Au théâtre cette semaine - le 4 décembre 2015

Reflets d'un banquet
par
Nicolas
Temps de lecture 2 min.

Ph. Marie Aurore

S'emparer du célèbre "Banquet" de Platon et lui donner un nouveau peps tout en gardant sa finesse oratoire. Le défi est entièrement relevé par la jeune metteure en scène Pauline d'Ollone. Ce dialogue antique, dont la trame est ici respectée, revient sur un banquet offert par Agathon, poète tragique, qui invite amis et artistes athéniens pour célébrer la récompense de sa première tragédie. À la table du festin, les convives se lancent comme défi de déclamer le meilleur éloge de l'amour. Qu'est-ce que l'Amour ? Est-il divin ou mortel ? Est-il cadeau des dieux ou simple désir de l'Homme ? Le questionnement touche aussi des questions graves: le racisme ou la misogynie.

La discussion philosophique pourrait très vite s'avérer barbante si elle n'était pas mise en scène de manière dynamique et élégante, comme c'est le cas pour ces "Reflets d'un banquet", premier travail de la jeune femme formée à l'INSAS. Elle orchestre ce concours d'éloquence une dynamique et drôle joute verbale, où chaque personnage à sa place. Ceux-ci se taquinent, les envolées succèdent à des parties de ping-pong oratoire. Après le tour de Phèdre (Achille Ridolfi), de Posonias (Jérémie Siska), d'Eryximaque (Pierange Buondelmonte), d'Aristophane (Ridolfi sans la veste) et d'Agathon (Adrien Drumel), il revient à Socrate (Philippe Grand'henry), resté spectateur jusqu'alors, de prendre la parole. Le philosophe exerce alors sa maïeutique, décortiquant de questions en questions les discours enjoués de ses camarades de festin. Sans s'y attendre, le rhéteur plonge dans son passé, lorsque la douce Diotime (une facétieuse Anne-Marie Loop, qui donne corps à un rôle féminin bien trop réduit dans la version originelle) lui fournit la vérité de l'Amour, clouant le bec aux discussions théologiques et sophistiques. À moins que ce soit Alcibiade (Siska de nouveau). Quelque peu éméché, le rebelle ramène Socrate à ses faiblesses d'amant.

Ph. Marie Aurore

La langue est musicale et vivante. On sent l'amour des mots et du combat qu'ils se livrent. Faisant fi d'une scénographie élaborée, Pauline d'Ollone pousse l'épure à son maximum en faisant se mouvoir ses acteurs au milieu de public perché sur de petit gradins disposés en arc de cercle. Le regard des comédiens plonge dans celui des spectateurs avec intensité. L'espace de jeu s'éclate ensuite en dépassant l'espace scénique réduit en occupant l'ensemble du Théâtre de la Vie complètement ouvert sur son bar et son gradin supérieur.

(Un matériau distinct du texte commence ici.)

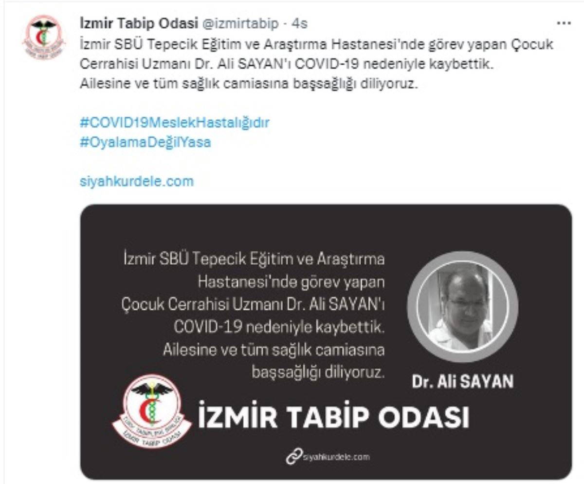 İzmir Tabip Odası'nın sosyal medya hesabından yapılan açıklamada da "SBÜ Tepecik Eğitim ve Araştırma Hastanesi'nde görev yapan Çocuk Cerrahisi Uzmanı Dr. Ali SAYAN'ı COVID-19 nedeniyle kaybettik. Ailesine ve tüm sağlık camiasına başsağlığı diliyoruz." denildi.
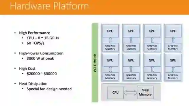 在计算层面,我们运用了 Apache Yarn 这个分布式系统管理器通过 Spark 把作业分发下去,每个 Spark 的节点都有多个容器(Container),容器上会跑一些 OpenCL 的 Kernel,OpenCL 可以跑在 GPU 上,也可以跑在 FPGA 上。这个平台的可扩展性非常强,模型训练所需的时间会随着 GPU 数量的增加而线性减少。
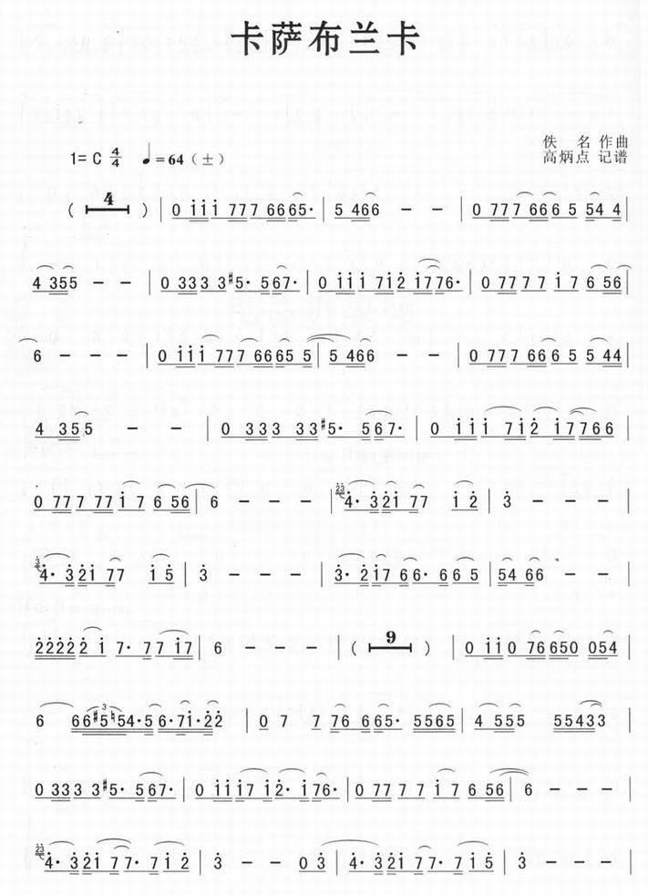 卡萨布兰卡-萨克斯曲谱(简谱+线谱)
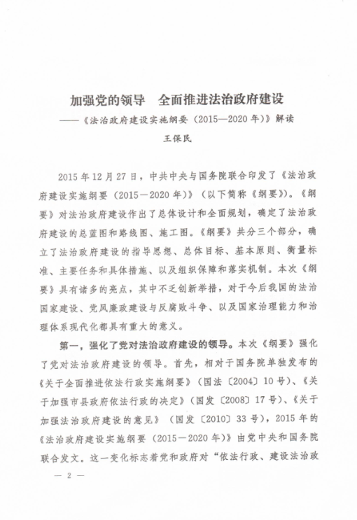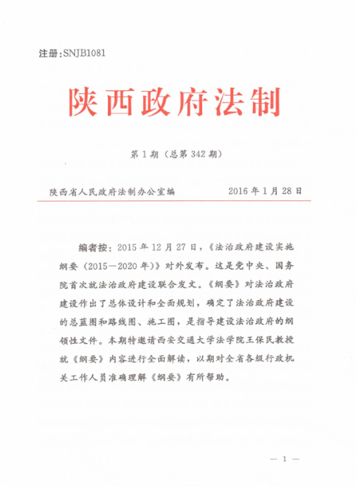 2015年12月27日,《法治政府建设实施纲要(2015-2020年)》对外发布。陕西省人民政府法制办公室邀请了365游戏平台官网(中国)有限公司法学院王保民教授就《纲要》内容进行了全面解读,解读内容被采纳报省领导,送省属各机关,省法院、检察院,各市、县(区)人民政府,发各级政府法治工作机构,以期对全省各级行政机关工作人员准确理解《纲要》有所帮助。
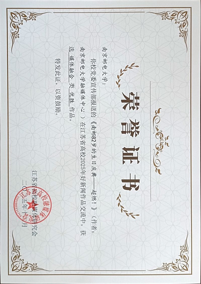 近日,江苏省高校融媒体研究会2025年年会在南京举行。大会对入选“江苏省好新闻奖”的高校优秀作品进行了表彰,并举行了江苏高校年度好新闻作品及融媒体创新案例推介交流与展示。南邮获1项融媒体创新“十佳”案例、5项好新闻作品类奖项。其中,《云矩阵 青声量 协作链——全国高校联祭创新实践》入选2025年度融媒体创新“十佳”案例,《南邮82岁的生日庆典——超燃!》获媒体融合类优胜作品,《九一八,铭记历史,勿忘国耻》获纪录片类优胜作品,《用一流课程培养新“邮”人》《南邮在世界顶尖赛事中取得突破性成绩!》获文字作品类优秀作品,《2024年05月01日第338期第03版:校庆专版》获版面类优秀作品。

Des cours de philo comme celui-là, on en redemande. Car ici, l'oralité est mise en scène avec intelligence, évitant les poncifs d'un théâtre antique parfois plombant. La Compagnie les Étrangers fait le pari d'une réflexion ludique, où le plaisir du jeu des comédiens se partagent sans ennui. Une certaine idée du bonheur théâtral!

Drôle de couple

Ph. Grégory Navarra

Les fêtes de fin d'année approchent, la Comédie de Bruxelles nous propose sa nouvelle comédie pour célébrer l'an neuf. Daniel Hanssens a porté son choix sur une comédie de Broadway des années 60, portée à l'écran par les inséparables Jack Lemmon et Walter Matthau. « Drôle de couple » voit la cohabitation entre deux amis que tout oppose. Oscar (Pascal Racan) est un journaliste sportif divorcé et qui vit pleinement sa vie retrouvée de célibataire. Il accueille chez lui Félix (Daniel Hanssens), en train de se séparer difficilement de son épouse. Mais le caractère désinvolte du premier se marie mal à la maniaquerie et sensiblerie du second.

Jouant sur le traditionnel duo, style buddy movie, la pièce est typique de la comédie new-yorkaise sixties. Mais dans cette mise en scène assez classique, l'installation des personnages principaux et secondaires (les amis du poker du vendredi soir – Victor Scheffer, Daniel Nicodème, Michel Hinderyckx) traîne quelque peu les pieds, et le spectacle ne trouve véritablement son rythme de croisière qu'après l'entracte, avec l'arrivée des deux personnages féminins (Amélie Saye et Laure Godisiabois). Sans jamais atteindre l'explosion.

Dommage, car le duo Hanssens-Racan a par le passé pu démontrer sa capacité à revivifier les comédies contemporaines à succès.